WHAT YOU NEED TO DO =
Set down again exactly the lines of the listing below that fall between the line holding "NO. 56/4-R | |||" and the line holding "Comparison results of", inclusive.

GIVEN RECORDS =
..............................

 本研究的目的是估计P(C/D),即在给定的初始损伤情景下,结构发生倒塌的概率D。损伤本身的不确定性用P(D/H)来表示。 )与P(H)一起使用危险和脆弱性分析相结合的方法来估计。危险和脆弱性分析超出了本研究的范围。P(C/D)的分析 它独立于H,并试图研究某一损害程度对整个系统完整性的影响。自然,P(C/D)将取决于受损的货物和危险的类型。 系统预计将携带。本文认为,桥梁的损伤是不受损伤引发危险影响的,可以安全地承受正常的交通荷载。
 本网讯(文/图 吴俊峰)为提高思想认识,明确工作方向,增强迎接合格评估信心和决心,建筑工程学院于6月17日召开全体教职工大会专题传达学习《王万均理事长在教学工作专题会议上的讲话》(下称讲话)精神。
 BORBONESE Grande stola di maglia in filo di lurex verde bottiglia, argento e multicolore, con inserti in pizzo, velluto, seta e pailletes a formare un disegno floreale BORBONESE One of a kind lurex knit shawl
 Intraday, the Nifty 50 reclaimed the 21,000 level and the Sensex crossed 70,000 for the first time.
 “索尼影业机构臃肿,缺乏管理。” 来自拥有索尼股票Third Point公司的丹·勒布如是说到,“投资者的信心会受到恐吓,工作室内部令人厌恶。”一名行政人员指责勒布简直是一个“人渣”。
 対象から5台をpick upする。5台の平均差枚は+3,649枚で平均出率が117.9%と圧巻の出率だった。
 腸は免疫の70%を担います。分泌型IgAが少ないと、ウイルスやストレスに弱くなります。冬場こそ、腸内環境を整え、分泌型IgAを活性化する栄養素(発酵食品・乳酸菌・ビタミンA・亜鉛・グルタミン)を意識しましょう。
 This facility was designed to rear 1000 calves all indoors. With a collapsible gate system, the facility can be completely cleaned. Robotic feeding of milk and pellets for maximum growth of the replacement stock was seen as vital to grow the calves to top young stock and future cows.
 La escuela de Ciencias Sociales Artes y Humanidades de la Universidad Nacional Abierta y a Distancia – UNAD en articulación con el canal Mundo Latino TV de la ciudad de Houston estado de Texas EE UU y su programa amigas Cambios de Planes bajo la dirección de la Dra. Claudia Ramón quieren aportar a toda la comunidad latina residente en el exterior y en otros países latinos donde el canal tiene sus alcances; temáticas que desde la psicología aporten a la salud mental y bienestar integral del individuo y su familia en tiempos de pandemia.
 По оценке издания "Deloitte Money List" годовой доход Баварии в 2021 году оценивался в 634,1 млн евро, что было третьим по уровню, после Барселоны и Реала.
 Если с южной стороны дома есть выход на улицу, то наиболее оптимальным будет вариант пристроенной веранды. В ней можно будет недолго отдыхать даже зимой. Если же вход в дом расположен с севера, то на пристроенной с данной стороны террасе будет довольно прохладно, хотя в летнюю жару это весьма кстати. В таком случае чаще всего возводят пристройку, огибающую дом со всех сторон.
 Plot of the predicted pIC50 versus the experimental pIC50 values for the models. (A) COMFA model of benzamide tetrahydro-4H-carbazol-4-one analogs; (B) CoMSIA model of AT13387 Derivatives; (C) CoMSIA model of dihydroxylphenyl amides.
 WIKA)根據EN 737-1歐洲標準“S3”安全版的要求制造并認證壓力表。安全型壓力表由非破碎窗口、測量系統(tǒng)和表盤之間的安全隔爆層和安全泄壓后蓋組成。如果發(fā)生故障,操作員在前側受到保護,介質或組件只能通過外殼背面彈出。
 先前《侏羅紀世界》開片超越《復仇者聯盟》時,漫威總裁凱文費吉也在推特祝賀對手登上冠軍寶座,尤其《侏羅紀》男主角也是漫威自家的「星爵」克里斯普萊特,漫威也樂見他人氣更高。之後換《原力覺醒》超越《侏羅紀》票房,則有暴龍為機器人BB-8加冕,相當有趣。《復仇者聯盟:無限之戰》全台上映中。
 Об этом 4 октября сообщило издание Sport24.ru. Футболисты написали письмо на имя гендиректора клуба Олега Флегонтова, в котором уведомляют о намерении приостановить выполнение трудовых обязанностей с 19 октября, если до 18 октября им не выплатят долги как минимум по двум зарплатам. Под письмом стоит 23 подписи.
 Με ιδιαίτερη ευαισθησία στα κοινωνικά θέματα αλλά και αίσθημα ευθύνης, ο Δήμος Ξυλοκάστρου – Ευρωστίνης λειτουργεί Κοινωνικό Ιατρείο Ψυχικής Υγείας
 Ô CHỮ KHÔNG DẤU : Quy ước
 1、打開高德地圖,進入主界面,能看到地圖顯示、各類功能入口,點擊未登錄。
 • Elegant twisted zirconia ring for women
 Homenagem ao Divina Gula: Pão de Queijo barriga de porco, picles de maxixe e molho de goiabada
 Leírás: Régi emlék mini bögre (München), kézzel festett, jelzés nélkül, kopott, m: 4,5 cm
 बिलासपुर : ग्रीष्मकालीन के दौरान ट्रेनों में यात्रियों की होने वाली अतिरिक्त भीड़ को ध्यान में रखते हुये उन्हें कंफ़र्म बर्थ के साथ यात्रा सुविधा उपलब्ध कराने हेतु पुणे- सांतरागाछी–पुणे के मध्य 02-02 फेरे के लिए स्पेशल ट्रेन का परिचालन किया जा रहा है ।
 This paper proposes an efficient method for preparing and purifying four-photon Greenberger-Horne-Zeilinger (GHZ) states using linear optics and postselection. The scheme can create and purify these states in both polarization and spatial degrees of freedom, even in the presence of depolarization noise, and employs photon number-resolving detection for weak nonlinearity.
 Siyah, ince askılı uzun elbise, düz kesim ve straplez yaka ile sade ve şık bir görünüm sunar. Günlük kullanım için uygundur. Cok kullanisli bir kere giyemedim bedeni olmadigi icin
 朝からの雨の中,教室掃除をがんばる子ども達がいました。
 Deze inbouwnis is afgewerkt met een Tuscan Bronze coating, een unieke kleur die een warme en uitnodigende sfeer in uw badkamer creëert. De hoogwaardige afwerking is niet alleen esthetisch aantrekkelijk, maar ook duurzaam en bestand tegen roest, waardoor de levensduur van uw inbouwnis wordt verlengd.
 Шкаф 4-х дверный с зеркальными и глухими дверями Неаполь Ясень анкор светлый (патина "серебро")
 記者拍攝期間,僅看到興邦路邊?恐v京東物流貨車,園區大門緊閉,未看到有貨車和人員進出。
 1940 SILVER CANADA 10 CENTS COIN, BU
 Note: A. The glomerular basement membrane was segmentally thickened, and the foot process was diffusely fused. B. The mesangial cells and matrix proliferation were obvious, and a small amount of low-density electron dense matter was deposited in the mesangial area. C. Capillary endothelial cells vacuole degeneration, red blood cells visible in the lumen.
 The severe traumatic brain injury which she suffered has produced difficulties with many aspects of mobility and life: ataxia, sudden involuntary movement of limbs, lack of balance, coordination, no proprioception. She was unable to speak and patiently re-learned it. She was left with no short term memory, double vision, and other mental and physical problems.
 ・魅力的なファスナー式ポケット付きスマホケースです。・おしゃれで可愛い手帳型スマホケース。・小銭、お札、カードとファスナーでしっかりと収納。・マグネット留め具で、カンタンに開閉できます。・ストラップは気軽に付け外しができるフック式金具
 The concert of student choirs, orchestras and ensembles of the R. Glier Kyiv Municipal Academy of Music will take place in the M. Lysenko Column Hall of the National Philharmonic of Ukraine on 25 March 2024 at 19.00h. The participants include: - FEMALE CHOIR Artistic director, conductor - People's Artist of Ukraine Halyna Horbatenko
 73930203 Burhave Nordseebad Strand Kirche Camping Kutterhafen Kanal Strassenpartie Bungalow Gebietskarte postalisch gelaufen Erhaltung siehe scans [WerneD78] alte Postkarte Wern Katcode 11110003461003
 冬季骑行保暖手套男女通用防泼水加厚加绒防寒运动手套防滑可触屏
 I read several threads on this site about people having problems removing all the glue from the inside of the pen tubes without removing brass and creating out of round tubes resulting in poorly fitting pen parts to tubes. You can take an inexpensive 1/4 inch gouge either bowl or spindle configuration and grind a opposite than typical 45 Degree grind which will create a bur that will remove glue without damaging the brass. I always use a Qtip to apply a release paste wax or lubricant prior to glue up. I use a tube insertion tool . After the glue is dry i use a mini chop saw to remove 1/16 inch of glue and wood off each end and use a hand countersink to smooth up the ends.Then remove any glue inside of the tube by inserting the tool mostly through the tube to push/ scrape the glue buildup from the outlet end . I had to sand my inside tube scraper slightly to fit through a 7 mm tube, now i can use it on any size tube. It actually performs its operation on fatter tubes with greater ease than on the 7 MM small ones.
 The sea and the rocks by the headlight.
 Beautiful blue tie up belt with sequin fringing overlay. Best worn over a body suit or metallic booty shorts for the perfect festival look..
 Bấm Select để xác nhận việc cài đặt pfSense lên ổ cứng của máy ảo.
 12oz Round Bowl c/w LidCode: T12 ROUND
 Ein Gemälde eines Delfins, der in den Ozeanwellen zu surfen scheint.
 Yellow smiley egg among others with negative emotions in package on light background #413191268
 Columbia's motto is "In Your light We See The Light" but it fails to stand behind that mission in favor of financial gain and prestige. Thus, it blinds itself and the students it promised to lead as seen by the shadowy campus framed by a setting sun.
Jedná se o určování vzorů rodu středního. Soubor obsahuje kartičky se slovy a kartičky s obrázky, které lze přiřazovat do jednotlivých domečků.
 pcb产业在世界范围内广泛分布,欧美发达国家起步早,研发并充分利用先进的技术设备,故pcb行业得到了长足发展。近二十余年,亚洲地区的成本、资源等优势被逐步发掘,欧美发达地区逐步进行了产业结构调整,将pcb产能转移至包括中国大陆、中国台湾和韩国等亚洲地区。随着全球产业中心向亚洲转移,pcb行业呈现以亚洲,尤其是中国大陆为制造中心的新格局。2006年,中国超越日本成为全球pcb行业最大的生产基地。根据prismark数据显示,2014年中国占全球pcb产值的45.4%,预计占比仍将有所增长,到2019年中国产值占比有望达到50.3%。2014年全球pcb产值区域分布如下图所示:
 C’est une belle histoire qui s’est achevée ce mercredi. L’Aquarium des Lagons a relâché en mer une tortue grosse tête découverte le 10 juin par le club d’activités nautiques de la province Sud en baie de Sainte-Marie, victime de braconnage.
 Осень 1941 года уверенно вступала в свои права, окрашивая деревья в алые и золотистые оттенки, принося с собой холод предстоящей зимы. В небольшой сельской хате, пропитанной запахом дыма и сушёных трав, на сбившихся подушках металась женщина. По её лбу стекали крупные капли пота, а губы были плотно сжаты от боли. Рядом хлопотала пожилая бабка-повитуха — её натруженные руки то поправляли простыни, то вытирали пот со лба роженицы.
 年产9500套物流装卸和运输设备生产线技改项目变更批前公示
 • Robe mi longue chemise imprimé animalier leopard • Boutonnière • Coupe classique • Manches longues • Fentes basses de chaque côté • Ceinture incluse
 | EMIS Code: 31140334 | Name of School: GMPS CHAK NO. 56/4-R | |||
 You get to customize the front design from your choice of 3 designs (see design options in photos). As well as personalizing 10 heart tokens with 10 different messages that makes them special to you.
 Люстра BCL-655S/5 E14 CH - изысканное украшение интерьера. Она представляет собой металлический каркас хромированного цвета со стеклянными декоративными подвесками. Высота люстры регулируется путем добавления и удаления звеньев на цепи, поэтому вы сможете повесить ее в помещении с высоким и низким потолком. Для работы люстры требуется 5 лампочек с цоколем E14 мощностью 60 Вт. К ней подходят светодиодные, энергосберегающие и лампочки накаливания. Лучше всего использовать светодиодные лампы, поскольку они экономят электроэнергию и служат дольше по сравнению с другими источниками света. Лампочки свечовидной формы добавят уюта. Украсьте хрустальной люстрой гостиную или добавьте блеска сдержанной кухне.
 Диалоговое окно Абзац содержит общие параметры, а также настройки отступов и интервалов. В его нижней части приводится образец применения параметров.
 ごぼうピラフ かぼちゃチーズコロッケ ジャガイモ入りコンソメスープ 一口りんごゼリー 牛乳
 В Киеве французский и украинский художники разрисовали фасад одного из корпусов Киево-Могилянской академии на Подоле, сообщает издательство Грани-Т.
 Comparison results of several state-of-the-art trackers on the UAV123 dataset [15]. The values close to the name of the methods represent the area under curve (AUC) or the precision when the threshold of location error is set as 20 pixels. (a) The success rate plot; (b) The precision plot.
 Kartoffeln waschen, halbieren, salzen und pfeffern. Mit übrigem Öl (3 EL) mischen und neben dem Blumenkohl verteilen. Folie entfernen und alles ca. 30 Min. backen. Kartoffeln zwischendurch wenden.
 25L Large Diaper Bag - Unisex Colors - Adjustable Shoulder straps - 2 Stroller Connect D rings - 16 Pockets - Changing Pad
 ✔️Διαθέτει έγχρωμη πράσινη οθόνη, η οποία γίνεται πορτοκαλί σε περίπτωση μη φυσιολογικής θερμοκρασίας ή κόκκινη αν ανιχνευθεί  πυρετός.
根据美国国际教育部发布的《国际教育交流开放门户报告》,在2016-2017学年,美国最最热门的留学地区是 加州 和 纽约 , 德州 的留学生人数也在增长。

..............................

RESULT =
 | EMIS Code: 31140334 | Name of School: GMPS CHAK NO. 56/4-R | |||
 You get to customize the front design from your choice of 3 designs (see design options in photos). As well as personalizing 10 heart tokens with 10 different messages that makes them special to you.
 Люстра BCL-655S/5 E14 CH - изысканное украшение интерьера. Она представляет собой металлический каркас хромированного цвета со стеклянными декоративными подвесками. Высота люстры регулируется путем добавления и удаления звеньев на цепи, поэтому вы сможете повесить ее в помещении с высоким и низким потолком. Для работы люстры требуется 5 лампочек с цоколем E14 мощностью 60 Вт. К ней подходят светодиодные, энергосберегающие и лампочки накаливания. Лучше всего использовать светодиодные лампы, поскольку они экономят электроэнергию и служат дольше по сравнению с другими источниками света. Лампочки свечовидной формы добавят уюта. Украсьте хрустальной люстрой гостиную или добавьте блеска сдержанной кухне.
 Диалоговое окно Абзац содержит общие параметры, а также настройки отступов и интервалов. В его нижней части приводится образец применения параметров.
 ごぼうピラフ かぼちゃチーズコロッケ ジャガイモ入りコンソメスープ 一口りんごゼリー 牛乳
 В Киеве французский и украинский художники разрисовали фасад одного из корпусов Киево-Могилянской академии на Подоле, сообщает издательство Грани-Т.
 Comparison results of several state-of-the-art trackers on the UAV123 dataset [15]. The values close to the name of the methods represent the area under curve (AUC) or the precision when the threshold of location error is set as 20 pixels. (a) The success rate plot; (b) The precision plot.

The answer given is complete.